AK Parti Eski Milletvekili, ekonomist İbrahim Turhan, Merkez Bankası Başkanı'nın görevden alınmasını eleştirdi. Turhan, "Görevden alınan ve yerine atanan kişilerden bağımsız olarak, bu değişikliğin gerçekleşme yöntemine ve zamanlamasına benim aklım ermiyor.
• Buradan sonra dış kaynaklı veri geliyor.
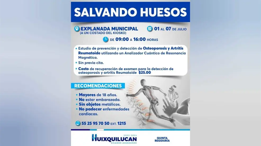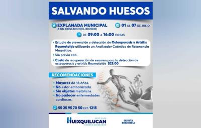 HUIXQUILUCAN, Estado de México.- El Gobierno de Huixquilucan ha anunciado su participación en la campaña nacional 'Salvando Huesos', con el objetivo de promover la prevención y detección temprana de enfermedades óseas como la osteoporosis y la artritis. A través de esta iniciativa, se ofrecen estudios de resonancia electromagnética a costos accesibles, cubriendo el 50% del costo del examen para facilitar el acceso a la población.
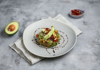 Քինուա, ռուկոլա, դդում, դդմիկ, ավոկադո, չերրի լոլիկի չիր, միկրոկանաչի, կիտրոնի հյութ և ձիթայուղ
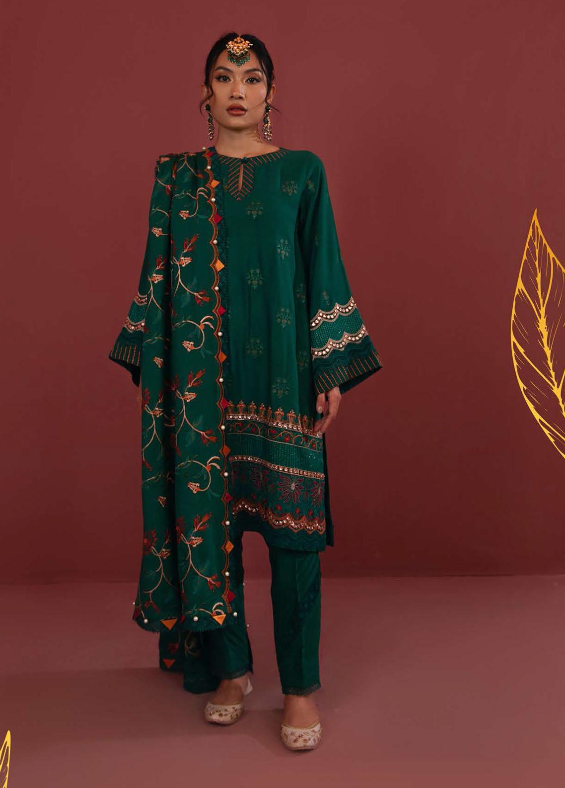 Embroidered Shirt Shalwar Dupatta - Kashmir Green - Karandi Shirt
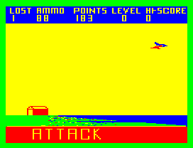 Visually, Jump Jet embraces the charm of early home-computer titles with crisp, minimalist sprites rendered in a limited but effective color palette. The Harrier is instantly recognizable, and enemy aircraft are distinct enough to be identified at a glance. While there’s no sleeking shading or high-resolution textures here, the game’s pixel art exudes nostalgic appeal and serves its purpose in fast-paced aerial combat.
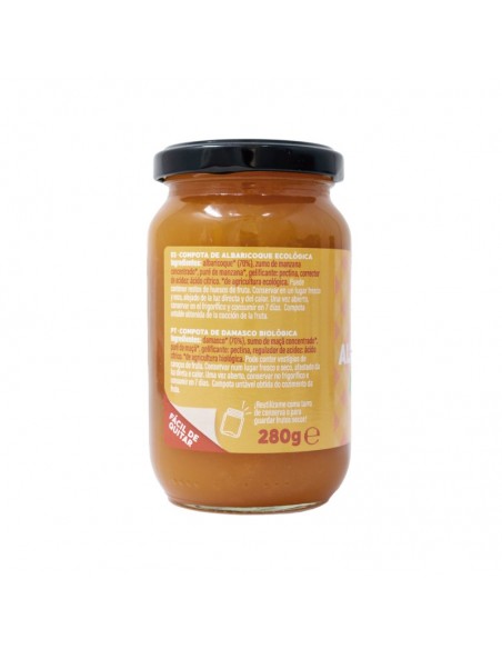 Compota de albaricoque procedente de agricultura ecológica certificada. Obtenida de la cocción de la fruta y su mezcla con concentrado de manzana. Con un mínimo de un 60-70% de la mejor fruta. Compota untable ideal para el desayuno o la merienda. Perfecta también para la elaboración de postres. Sin azúcares añadidos.

Bunun ciddi zararlar verebileceğinden endişe ediyorum" dedi.
Merkez Bankası Başkanı Murat Çetinkaya’nın, 375 sayılı Kanun Hükmünde Kararnamenin ek 35’inci maddesi ile 3 sayılı Cumhurbaşkanlığı Kararnamesinin 2’nci maddesi ile görevden alınmasını değerlendiren eski AK Parti Milletvekili ve Ekonomist İbrahim Turhan, işlemin kanuna aykırı olduğunu savundu. Turhan "Benim aklım almıyor. Bunun ciddi zararlar verebileceğinden endişe ediyorum" dedi.
MB'NİN BAĞIMSIZLIĞINA TERS
Turhan'ın Twitter hesabından yaptığı paylaşımlar şöyle:
Merkez bankalarının başkanlık konumu çok kritiktir. Görevden alınan ve yerine atanan kişilerden bağımsız olarak, bu değişikliğin gerçekleşme yöntemine ve zamanlamasına benim aklım ermiyor. Bunun ciddi zararlar verebileceğinden endişe ediyorum.
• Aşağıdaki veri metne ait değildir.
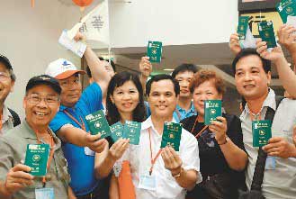 中新网6月20日电 台当局“行政院”昨天通过扩大“小三通”案,八十名台湾民众“首发团”19日下午从金门水头码头搭乘“新金龙号”客船前往厦门;游客兴奋地挥舞证件,大呼“爽!”

Başkanların görev süresi bitmeden görevden alınamaması, merkez bankası bağımsızlığının önemli bileşenlerindendir. Ayrıca ekonomi yönetiminde öngörülebilirlik ve kurumsallaşma açısından da kritik önem taşır. Bütün dünyada da böyle algılanır.
375 sayılı Kanun Hükmünda Kararname; “Cumhurbaşkanınca süreli atanan üst kademe kamu yöneticileri, ilgili kanunlarda öngörülen görevden alma gerekçeleri yanında kurumsal hedeflere ulaşılamaması nedeniyle de süreleri tamamlanmadan görevlerinden alınabilirler.” diyor.
Oysa TCMB Kanununun 28’inci maddesi; “Başkan(Guvernör) ANCAK, 27nci maddedeki yasakların gerçekleşmesi ve bu Kanunla kendisine verilen görevlerin devamlı surette ifasını imkansız kılacak durumların ortaya çıkması hallerinde, atanmasındaki usule göre görevinden af olunabilir” der.
Özel kanun niteliğindeki 1211 Sayılı TCMB Kanunu görevden af edilmeyi sadece iki şarta bağlamışken KHK Hükmüyle Merkez Bankası başkanını görevden almak hukuken de yanlıştır. Bildiğim kadarıyla görevden alınan son başkan 12 Eylül rejimi döneminde İsmail Hakkı Aydınoğlu olmuştu.
Hukukî durum ile ilgili tereddüdü olan varsa Türkiye Cumhuriyeti Anayasası’nın 104’üncü maddesine müracaat edebilir.